The Boolean satisfiability problem (SAT) is a paramount problem of computer science that impacts various areas of knowledge, including but not limited to software
and hardware verification, circuit design, automatic proof checking and cryptography. This is
an NP-complete problem [9], which means that any problem from the NP class can be reduced
to it in polynomial time, and the problem itself is assumed to be computationally hard and
not having a straightforward algorithm that would solve it in a reasonable amount of time in
general case. In spite of this, conflict-driven clause learning solving algorithms achieve very
prominent results in reducing the time required to solve an instance of the SAT problem by
employing various heuristics.The branching heuristic that decides which variable to assign a
value during each iteration of the exhaustive search is one of the crucial ones.

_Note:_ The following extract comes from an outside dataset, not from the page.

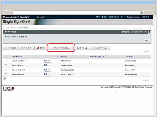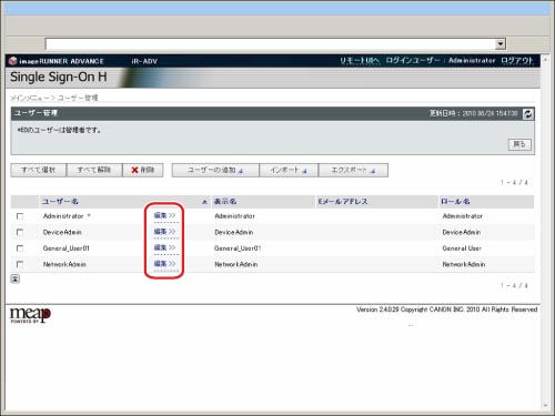 システムアドミニストレーター(Administrator)のみ、ユーザー情報を編集できます。

In the Graph-Q-SAT [17] paper, a team of NVIDIA and the Oxford university researchers
proposed to improve the widely used Variable State Independent Decaying Sum (VSIDS) heuristic [18] by using a deep neural network, particularly a graph neural network, to “communicate”
with the MiniSat solver via a GYM [7] environment (implemented in Python) and predict the
next variable to branch on during each step based on the current state of the problem. In many
cases this approach decreases the number of branching decisions required to solve an instance
of the SAT problem as compared to the original backbone solver MiniSat 2.2 [10]. However,
as stated by the researchers themselves, it did not show any substantial results in improving
wall-clock time, which is a key factor in industrial-scale settings.

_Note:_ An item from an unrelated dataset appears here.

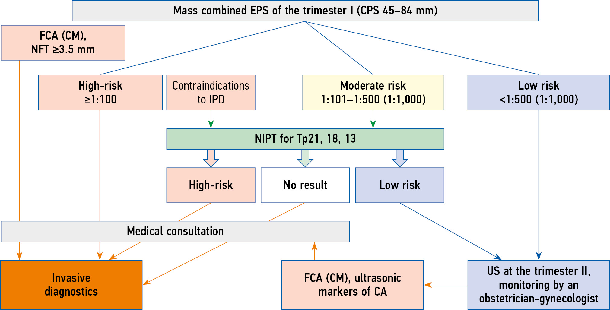 The methodology of combined early prenatal screening (EPS), developed by the Fetal Medicine Foundation (FMF, headed by Prof. K. Nikolaides, London); ultrasound (US) examination performed by specially trained and licensed specialists; and the study of maternal blood serum markers and calculation of the individual risk of CA at a term of 11–14 weeks of gestation are the most successful and demanded methodology. While calculating the risk, the baseline risk (maternal age and gestational age) and the probability ratios of significant factors, such as a number of indicators of anamnesis and maternal status, US and serum markers (free beta-subunit of chorionic gonadotropin [free β-HCG] and pregnancy-associated plasma protein A [PAPP-A]), are considered [1]. According to the above algorithm, the systematic Cochrane Review analyzed the data of combined prenatal screening for Down syndrome (Tr21) in the first trimester of pregnancy. The review included 152 publications over 31 years (1,604,040 screening results of 8,454 Tr21 cases) and demonstrated a screening sensitivity of more than 90% with 3–5% false positive results (FPR). The effect of this screening model was also manifested in a sharp decrease in the size of the high-risk group of CA and the number of invasive procedures, previously based mostly on maternal age and serum markers [2].

In the proposed approach named Graph-Q-SAT++ the implementation of Graph-Q-SAT is
studied and several changes are suggested in order to improve the results achieved in the original
research. First of all, the deep neural network is embedded in the MiniSat 2.2 solver itself using
the C++ PyTorch API and, secondly, experiments with the architecture of the network are
conducted in order to shave off some computational time while preserving the quality of its
predictions.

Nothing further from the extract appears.